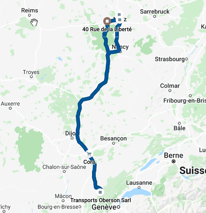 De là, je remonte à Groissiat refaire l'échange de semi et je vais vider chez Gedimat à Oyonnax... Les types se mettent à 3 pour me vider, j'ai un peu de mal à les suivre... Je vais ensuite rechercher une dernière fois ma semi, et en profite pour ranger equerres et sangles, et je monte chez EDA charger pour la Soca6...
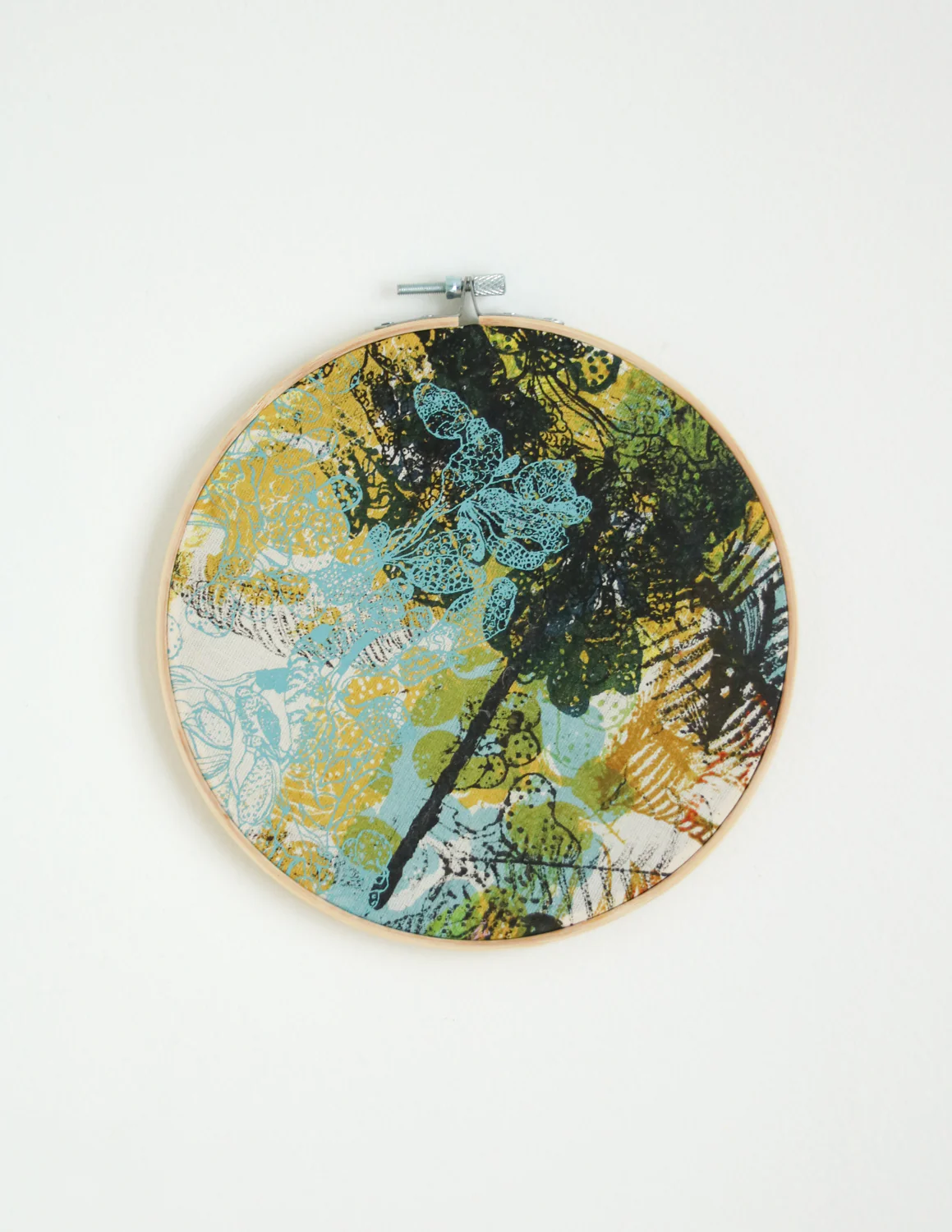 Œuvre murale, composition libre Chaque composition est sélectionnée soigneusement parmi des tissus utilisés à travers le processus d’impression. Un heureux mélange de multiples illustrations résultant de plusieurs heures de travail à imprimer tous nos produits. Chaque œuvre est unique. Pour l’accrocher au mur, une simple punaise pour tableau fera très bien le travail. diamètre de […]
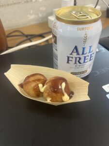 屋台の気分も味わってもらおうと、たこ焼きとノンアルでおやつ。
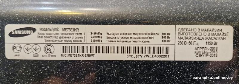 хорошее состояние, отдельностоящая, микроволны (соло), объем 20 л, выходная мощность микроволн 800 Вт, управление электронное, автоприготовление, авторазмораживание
* * * * *
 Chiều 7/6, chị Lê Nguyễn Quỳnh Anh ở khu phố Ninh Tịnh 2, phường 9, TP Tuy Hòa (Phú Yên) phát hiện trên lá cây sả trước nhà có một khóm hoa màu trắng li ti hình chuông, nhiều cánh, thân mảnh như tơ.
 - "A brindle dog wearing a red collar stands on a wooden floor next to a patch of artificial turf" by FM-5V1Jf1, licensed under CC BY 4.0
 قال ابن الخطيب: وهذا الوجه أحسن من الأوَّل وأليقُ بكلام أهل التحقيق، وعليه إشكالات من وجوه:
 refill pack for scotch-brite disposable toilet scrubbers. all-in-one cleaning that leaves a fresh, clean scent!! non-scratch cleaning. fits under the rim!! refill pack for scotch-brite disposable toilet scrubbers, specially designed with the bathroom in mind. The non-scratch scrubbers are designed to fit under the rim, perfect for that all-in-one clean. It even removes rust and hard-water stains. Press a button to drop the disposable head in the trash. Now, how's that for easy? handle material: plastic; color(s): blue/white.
* * * * *
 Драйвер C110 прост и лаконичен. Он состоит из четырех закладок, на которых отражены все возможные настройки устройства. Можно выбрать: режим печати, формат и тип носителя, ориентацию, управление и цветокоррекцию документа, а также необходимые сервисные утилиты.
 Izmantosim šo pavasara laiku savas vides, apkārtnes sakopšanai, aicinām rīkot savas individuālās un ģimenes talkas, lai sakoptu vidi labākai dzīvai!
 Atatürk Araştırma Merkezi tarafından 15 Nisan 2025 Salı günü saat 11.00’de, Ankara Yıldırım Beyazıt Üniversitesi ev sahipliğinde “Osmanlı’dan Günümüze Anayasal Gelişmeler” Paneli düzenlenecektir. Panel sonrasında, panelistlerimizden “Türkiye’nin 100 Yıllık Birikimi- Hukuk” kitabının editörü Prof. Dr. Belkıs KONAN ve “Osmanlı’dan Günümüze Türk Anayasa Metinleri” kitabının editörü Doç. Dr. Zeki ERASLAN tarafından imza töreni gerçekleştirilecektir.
* * * * *
For the word "under", say how many lines of the listing include it; give nothing but the number.

-- WRITTEN REPLY --
2